Sad For The Future
I haven’t made much of a secret of my humble opinion that the California courts are seriously broken. Their infrastructure, particularly that for handling information, is at least 20 years behind the times. Instead of expanding to deal with the consequences of the recession, they cut back with a resulting slow-down in the handling of cases across the board.
The issue is compounded by a certain class of cases that will never, ever, end, taking resources forever. Yesterday while waiting (two hours to make a five minute appearance) for a case to be called, I watched the child support case of an elderly man where the state was still pursuing $164,000 in arrears for a child who is now 33 years old. The man was arguing his monthly payments should be reduced to $50 per month because he had just lost his job. The result of the day’s work on that case was squat nada bupkus because a continuance had to be granted because a party had only received certain documents 24 days before the hearing instead of the required 30. The court will take up the issue again in August.
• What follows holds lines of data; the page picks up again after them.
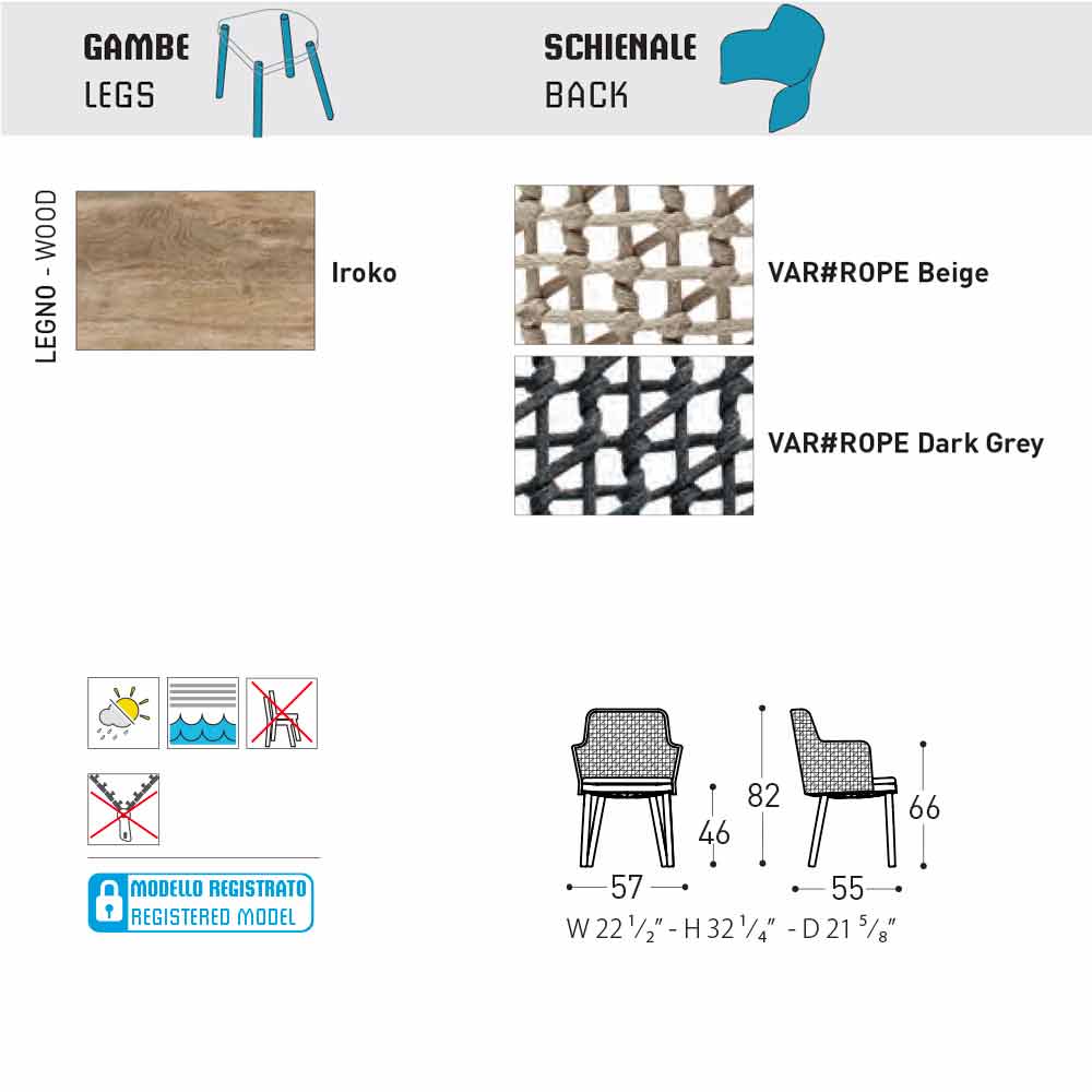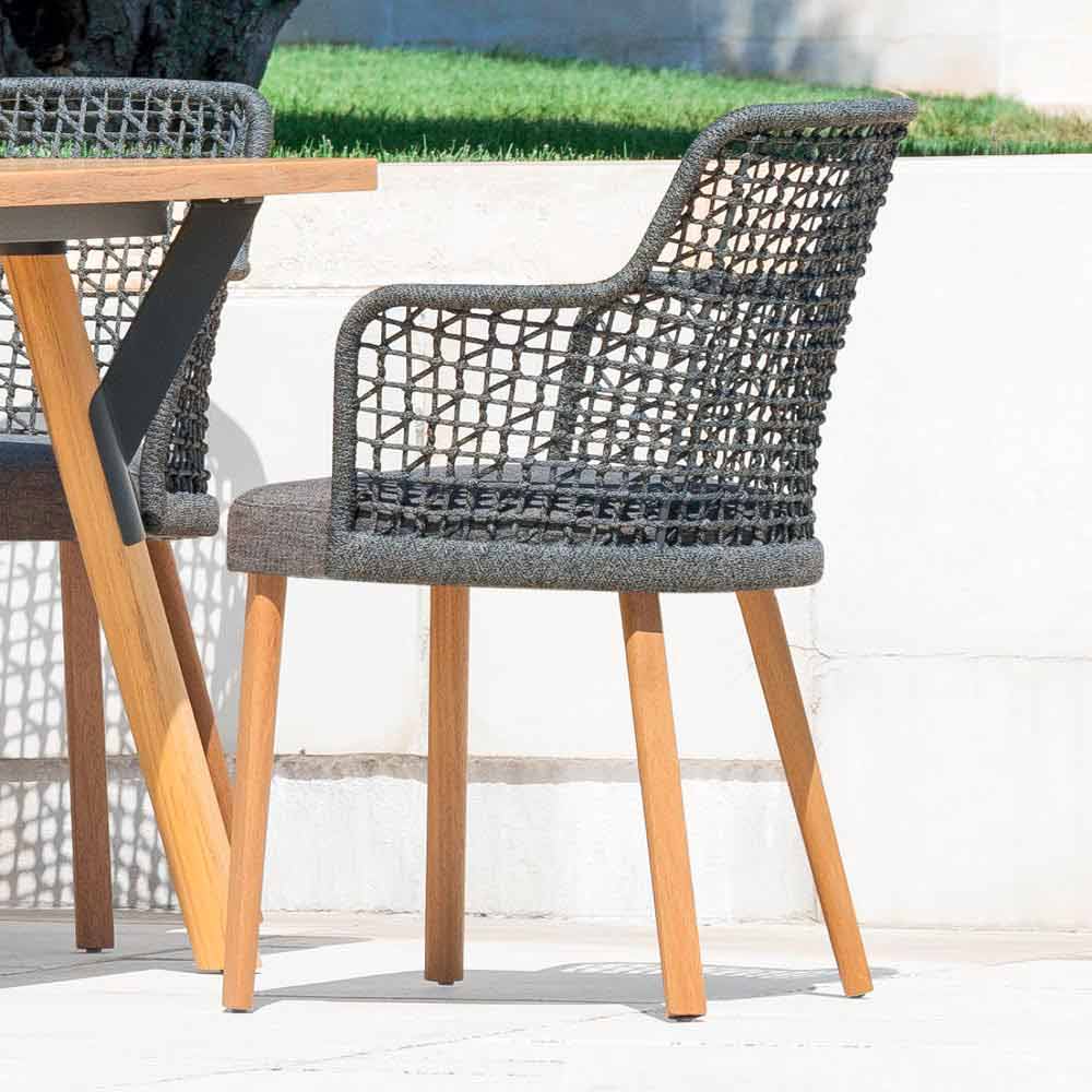 También viene con patas de madera sólida de iroko y un asiento tapizado en tela con una estructura de asiento de polipropileno.
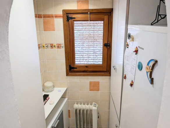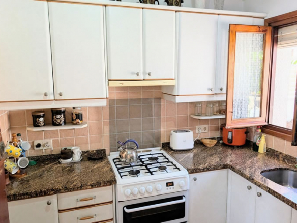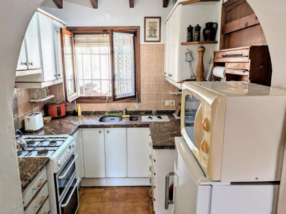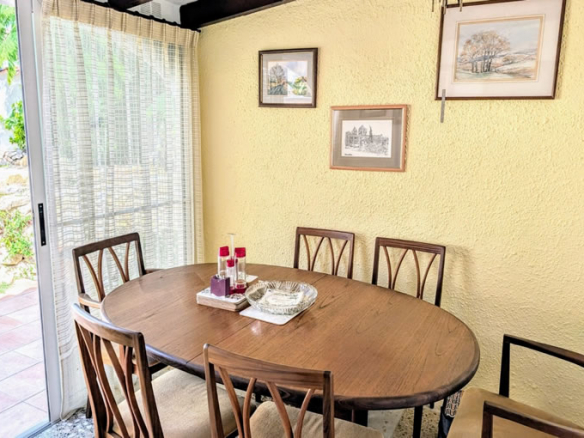 The villa is distributed on one level and it is situated in a quiet cul-de-sac. You arrive at the property, park in the carport and then go down a few steps to the front garden. You enter the villa through glass sliding doors into a dining room and then into the small but well fitted and equipped kitchen with granite worktops.
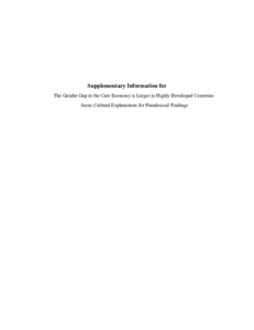 The Gender Gap in the Care Economy is Larger in Highly Developed Countries: Socio-Cultural Explanations for Paradoxical Findings.
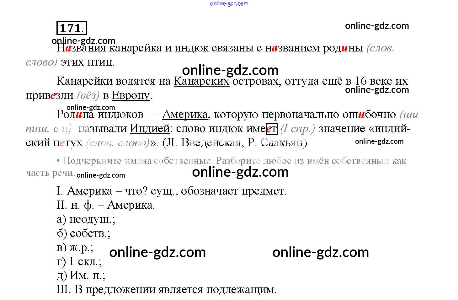 Готовые домашние задания по Русскому языку за 4 класс Рабочая тетрадь Канакина Школа России 2013 - Часть 2. Задания 171
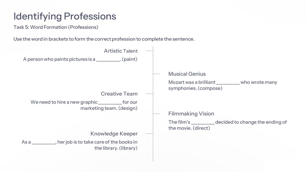 Identifying ProfessionsTask 5: Word Formation (Professions)
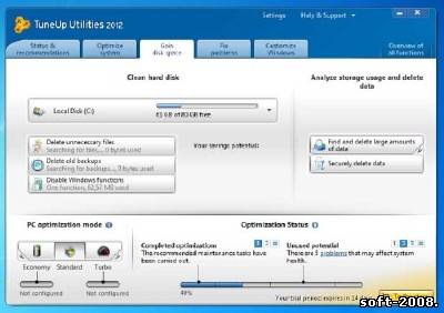 TuneUp Utilities - обновлена свежая версия огромного набора различных инструментов для настройки и оптимизации системы. При поддержки этой программы вы сумеете очищать диски от мусора, удалять неверные записи из системного реестра и дефрагментировать его, оптимизировать оперативную память, управлять автозагрузкой, безвозвратно удалять файлы с диска при помощи специальной утилиты ”TuneUp Shredder” (дальнейшее восстановление становится невозможно даже при помощи специальных программ), восстанавливать удаленные файлы, видоизменять внешний вид Windows, и многое иное. Все утилиты этого пакета объединены в единую графическую оболочку. Для запуска той или иной утилиты нужно выбрать ее название в списке и кликнуть по ней мышкой. После этого открывается диалоговое окно, в котором и производятся все соответствующие действия. Пакет объединяет в себе важные функции для оптимизации системы, конфигурации, очистки и обслуживания в современном графическом пользовательском интерфейсе. Особенности: • Мощный дефрагментатор жесткого диска • Оптимизация запуска системы, ускорение интернета и работы Windows • Быстрая очистка жесткого диска • Эффективная чистка системы от мусора • Полная автоматическая очистка • Эффективная чистка реестра от устаревших и ненужных записей • Эффективная помощь в решении многих проблем в Windows • Эффективное средство для восстановления удаленных данных • Полное удаление данных, без возможности их восстановления • Тонкая настройка Windows • Современный графический пользовательский интерфейс []  [/] Размер: 37,3 Мб Информация на восстановление: +1% Язык Интерфейса: Английский + Русификатор Лекарство: в архиве Платформа: Windows 2000/2003/XP/Vista/ 7 Cкачать TuneUp Utilities 2012 12.0.3010.10 (RUS/ENG):

NB: the interest alone on $164,000 of past due child support is $1366 per month. If his motion is granted, he will still only be paying 3 1/2% of the interest accruing each month, and never touching the principal.
I admit I don’t know what the solution should be in cases like this. I suspect it took a lot of neglect to rack up that much in arrears. Massive neglect, even intentional wrongdoing, doesn’t stop the government from bailing out banks, or automakers or reckless homeowners though, so maybe I should stop feeling judgmental about how the debt was created. I just hate seeing cases (or problems, or debts, take your pick) that by plan and inflexible laws can never end, and in the process eat up dwindling, finite, resources and judicial time.



wow, well articulated chuck.
perhaps even worse than this scenario may be what i’ve been calling the new underclass. these are the people who were hit with felonies for victimless crimes (think: recreational marijuana user who gets busted). these people no longer have incomes so no longer pay taxes (and it costs taxpayers $48K per year to house them while incarcerated). they can’t get new employment due to background checks. they can’t get housing due to similar. it’s a disaster and they didn’t even cause damages.
guess whose house they’re going to rob when they finally get too hungry?
Yours and mine TJ. I notice you don’t even limit it to people actually convicted of crimes. We both know from the days in Lapwai that an arrest and the burdens of bail and defending a case can destroy a life on the edge just as easily as an actual conviction.